For others looking at single tank softeners may fear the wrong size will mean they will run out of softened water. A single tank water softener, means only hard water is available when it regenerates. If it is sized too small for the home’s water usage it also will be working too hard and costing more money than necessary to run. Choosing the right capacity water softener for the home’s water usage will ensure you do not run out of soft water and it won’t cost a fortune to run.
Water softening introduces a small amount of sodium into the water. However, this is not considered a risk. To put the amount of sodium in context to other foodstuffs, British Water advise that the average amount of sodium in softened water is only a fifth of that in semi-skimmed milk, whilst processed foods can contain up to 20 times more sodium than softened water.

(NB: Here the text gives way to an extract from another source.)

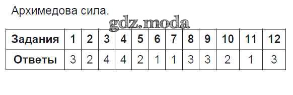 ОТВЕТ на задание № Архимедова сила Тесты по Физике 7 класс Чеботарева УМК

The water regulations currently state that a hard water tap is always recommended. However, where the water hardness is below 400ppm calcium carbonate, it complies with the drinking water regulations so there is NO mandatory requirement for a separate hard water drinking tap.
Where the water hardness exceeds 400ppm calcium carbonate, the sodium level will be above the 200ppm maximum set by the drinking water regulations so a separate hard water drinking tap becomes mandatory.
All salt based water softeners use the process of ion exchange to create soft water. Inside a water softener is a vessel of resin beads. Hard water passes over the resin beads which extract the hard minerals (calcium and magnesium) and replace them with harmless sodium ions. Scale is therefore taken out of the water which leaves the water softened.
The resin beads will eventually become exhausted and unable to pick up any more hard minerals. The softener will carry out a regeneration or recharge which will flush the hard minerals to drain. The recharge or regeneration process passes a salt water solution through the resin beads which detaches the hardness minerals, which are flushed harmlessly to drain. The resin beads are left refreshed and ready to make more softened water.